What happens to life insurance when you retire?

Find out what happens to life insurance when you retire, and the various options you have with the policy.

3 min read

Most employers offer life insurance coverage as one of the benefits available to their employees. This benefit is offered at little to no cost to employees, and it won't cost more than a few hundred dollars per month for coverage. But, if you are about to retire, or you are already retired, you may want to know what will happen to your policy.

When you retire, you will no longer be eligible for your employer-provided life insurance plan. However, if your group life policy is portable, you may be allowed to transfer the policy to another insurance provider, but you should expect to pay higher premiums. If the policy is not transferable, you should purchase a life insurance policy from another insurance provider.
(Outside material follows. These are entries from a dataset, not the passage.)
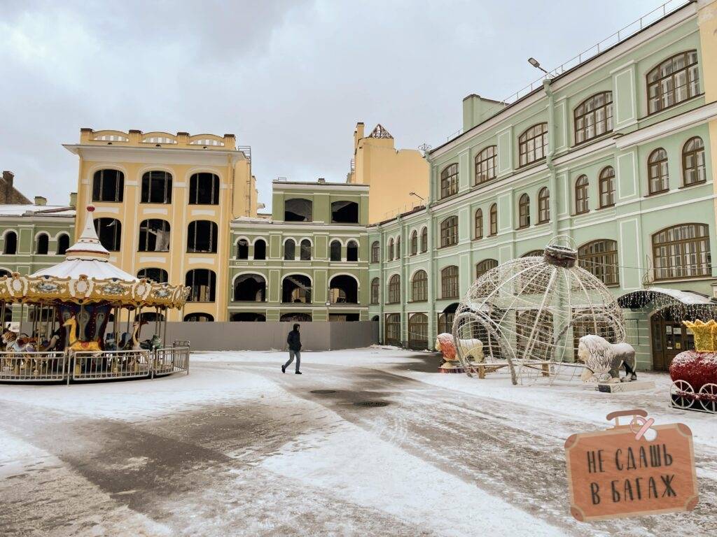 «Двор Гостинки» — место новое. Лишь в 2021 году внутреннюю территорию Гостиного двора открыли для свободного посещения. Открыли, но ничего особенного больше не сделали. Летом здесь было несколько заведений, продающих еду и напитки. Гости сидели на улице на качелях под кронами деревьев. Зимой такой формат совсем не подходит для снежного и холодного Санкт-Петербурга, но зимние развлечения администрация так и не придумала. Здесь можно увидеть несколько скупых украшений на новогоднюю тематику, украшенную елку и карусель, в основном простаивавшую, нежели работающую.
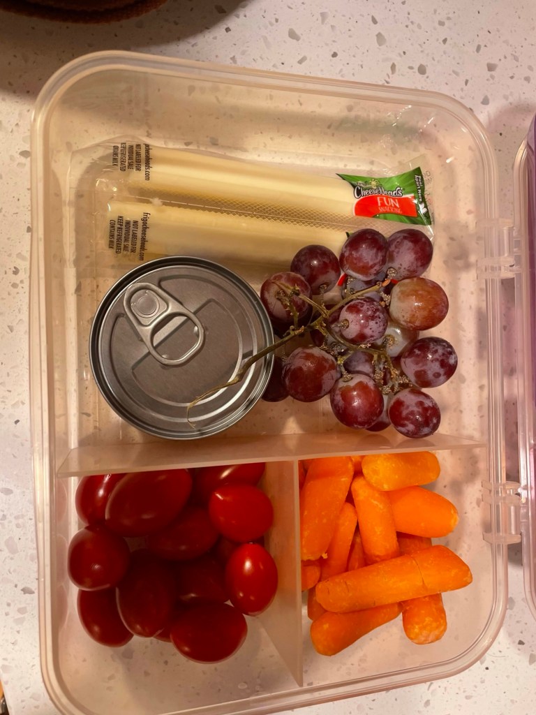 Canned tuna, cheese sticks, carrots, tomatoes, and grapes make up this bento box lunch.
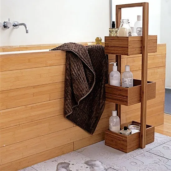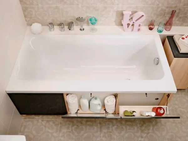 Вот еще один вариант, экономящий пространство — экран под ванну с полочками и ящиками. Такая потайная конструкция способна не только освободить захламленное пространство, но и организовать с умом бытовую химию, косметику и другие ванные принадлежности.

What happens to life insurance when you leave a job?

Group life insurance policies are held by employers, and they are offered to employees as employment benefits. This means that the only designated people who are covered under the policy are those employed by the entity that holds the policy. Once an employee leaves the company, they will no longer be eligible for the life insurance coverage.
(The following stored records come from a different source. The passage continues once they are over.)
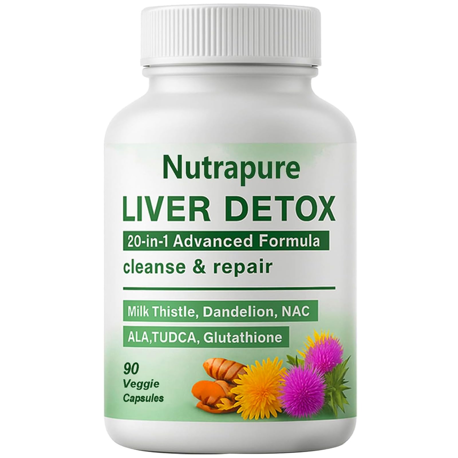 Liver Detox Capsules - 20-in-1 Herbal Formula with Milk Thistle Dandelion Turmeric & Artichoke Leaf for Liver Support and Digestive Balance Non-GMO Gluten-Free (1)
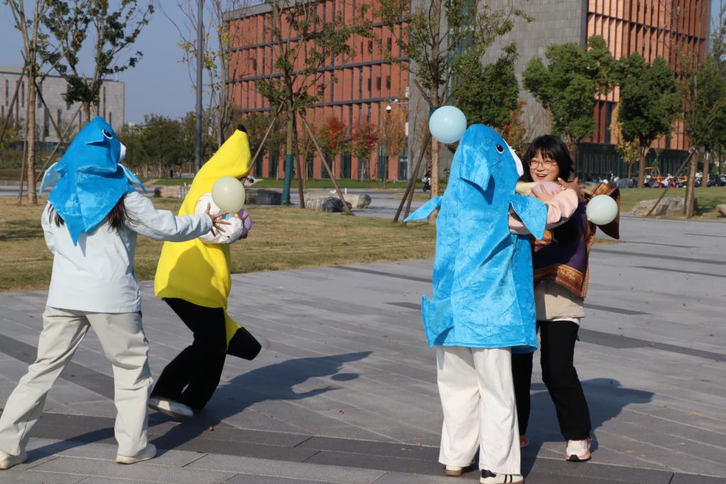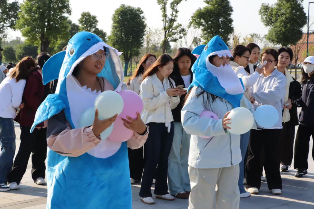 “奇异服装接力赛”则让队员身着特色服饰抱气球接力跑,剩余气球最多且用时最短的队伍获胜。队员们既要保证速度,又要尽可能多地保护气球,紧张刺激间满是欢乐。
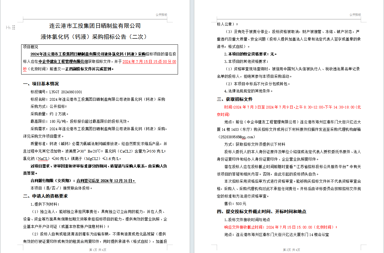 連云港市工投集團日曬制鹽有限公司液體氯化鈣(鈣液)采購招標(biāo)公告(二次)

When you change jobs or retire, you may have several options with the life insurance policy. Here is what you can do:

Cancel or let the policy lapse

If you have a life insurance policy with your employer, this coverage will apply for as long as you are covered by your employer. Once you leave your job, the policy will terminate about a month after leaving your job. If you don't want a lapse in coverage, you should plan to have a new policy take effect when the old policy is canceled.

Check if the policy is portable

Some life insurance policies are portable, meaning that you can carry the policy when you change jobs. If your employer’s policy is portable, you will be able to carry the policy to an individual term life insurance policy. However, you should expect to pay higher premiums than the original premiums for group policy.  

Convert group policy to an individual policy

If you are unable to port your group life policy, you may be able to convert it to an individual life insurance policy. If allowed, you will now be required to pay the entire premium on your own, since the policy is no longer on your employer’s plan.

Can you keep life insurance when you retire?

If your employer provides life insurance coverage, this coverage will be automatically terminated when you retire. Usually, life insurance is offered as a benefit to active employees, and it lapses when you cease being an employee of the company. However, some employers may allow retiring employees to convert the policy into a permanent life plan to keep the insurance coverage.

Additionally, some insurance providers allow the transfer of group life policies. When you retire, you may be allowed to transfer the policy to another insurance provider to continue enjoying the coverage. However, transferring the policy to another insurer may require you to pay higher premiums depending on the policy rates of the new insurer.

If your employer does not allow the transfer of a life policy to another insurer, you can choose to purchase a life policy from another provider. This option allows you to compare policy premiums and coverage to find policies with the best rates for long-term coverage.

Do you need life insurance when you retire?

Depending on your lifestyle and health status when you retire, you may need a lot of money to meet your financial needs in retirement. If you are planning to get life insurance when you retire, here are questions you should ask to help you decide.

Do you have financial dependents?

If you are retired, and you have a spouse or children relying on your retirement income, you should purchase a life insurance policy. If you die, the insurer will pay a death benefit to provide a financial cushion. The amount of insurance you need depends on your current standard of living and the amount of income you need each month. The policy should provide enough death benefits to supplement any income that would be lost after your death.

Do you have outstanding debt?

If you have outstanding debts such as a mortgage loan that you will otherwise leave to your family, a life insurance policy may be an effective way to cover these debts. You will want to get a life policy that will be sufficient to pay off the outstanding debt. For example, if you owe $60,000 on your mortgage loan, and you don't have other incomes, you should purchase a policy that covers this amount. This ensures that your family will continue staying in the home, and won't face financial hardships due to the debts you left behind.

Do you want to replace your retirement income?

If you receive a pension or Social Security, you can purchase a life insurance policy to maintain or supplement that income for your loved ones. For example, if your spouse won’t be eligible to receive the pension after you die, the policy will provide a death benefit to replace the pension income. Also, the policy will provide an income to supplement Social Security payments for your spouse after you die.

How much life insurance should you have in retirement?

The amount of insurance payouts you want your dependents to receive will determine how much life insurance you will need. Typically, you should consider your loved ones' future expenses, outstanding debts, and any expected costs that may arise. You should ensure that the death benefit is enough to meet their financial needs.

You should also consider the type of life insurance you buy. If you purchase term life insurance, you will receive payments based on a predetermined period, and if you outlive the policy, you won’t be eligible to claim any benefit. On the other hand, permanent life insurance last an entire lifetime, and it combines a death benefit with a cash value savings component.